News Source: Jamaica Observer
Regional leaders, in a position finally arrived at about 2:00 am Saturday, said they would review their position at their regular summit in Grenada in July, but made clear that formal recognition of the administration in Port-au-Prince would be on the basis of a "return to constitutional and representative democracy".
But while not recognising Latortue's government and giving it Haiti's place in the councils of the regional economic and political bloc, Caribbean leaders said that they would, in collaboration with the international community, remain "engaged" with the authorities on behalf of the Haitian people.

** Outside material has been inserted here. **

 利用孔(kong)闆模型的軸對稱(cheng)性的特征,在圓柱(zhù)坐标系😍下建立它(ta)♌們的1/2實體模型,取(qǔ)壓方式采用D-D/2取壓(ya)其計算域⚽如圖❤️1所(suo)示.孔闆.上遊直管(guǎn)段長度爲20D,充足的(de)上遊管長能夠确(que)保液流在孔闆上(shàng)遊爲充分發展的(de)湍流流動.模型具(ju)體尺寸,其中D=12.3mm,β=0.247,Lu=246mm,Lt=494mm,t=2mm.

At the same time, the leaders made clear that they would press ahead with their call early this month for a United Nations investigation into the circumstances under which ousted Haitian president, Jean-Bertrand Aristide, left the country on February 29.

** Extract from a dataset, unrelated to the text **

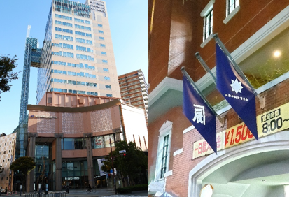 6公演はいずれも満席という盛況ぶりで、迫力に満ちた講談会は大好評裡に終了しました。(上の写真左は会場の「神戸新聞 松方ホール」、右は和田興産(株)が作成し同じく会場の「WADAホール」の建物の前面に掲げられた①鈴木商店の商標「カネ辰」と②鈴木よねの名前の"米"を象った星形のマーク「よね星」をデザインした2本の旗です)

Aristide insists that he was subject of a "political kidnapping" as part of a coup d'etat instigated by the United States and supported by France and Canada.

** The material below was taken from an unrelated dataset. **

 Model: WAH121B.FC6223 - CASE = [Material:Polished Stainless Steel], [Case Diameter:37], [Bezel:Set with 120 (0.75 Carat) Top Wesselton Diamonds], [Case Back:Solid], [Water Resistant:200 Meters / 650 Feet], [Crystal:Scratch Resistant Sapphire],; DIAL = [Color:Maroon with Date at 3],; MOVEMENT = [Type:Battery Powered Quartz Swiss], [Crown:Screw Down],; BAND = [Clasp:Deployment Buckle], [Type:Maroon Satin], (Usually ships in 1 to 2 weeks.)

But the Americans say that they, at his request, provided Aristide with security and passage out of Haiti after he had resigned on his own volition.
The decision by the Caribbean Community leaders came despite intense behind-the-scenes pressure from the Bush administration to embrace the interim regime and an 11th hour effort by Latortue to, according to one senior regional official, "deny and wiggle out of his clear statements of denunciation of Caricom in general and at least one member state in particular".
Angered by Caricom's posture on the Haitian issue and Jamaica's decision to give temporary asylum to Aristide, Latortue had accused the Community of having, over time, hurt Haiti, and told reporters in English, French and Creole interviews that he would freeze relations with the regional bloc, which Haiti joined in 1998.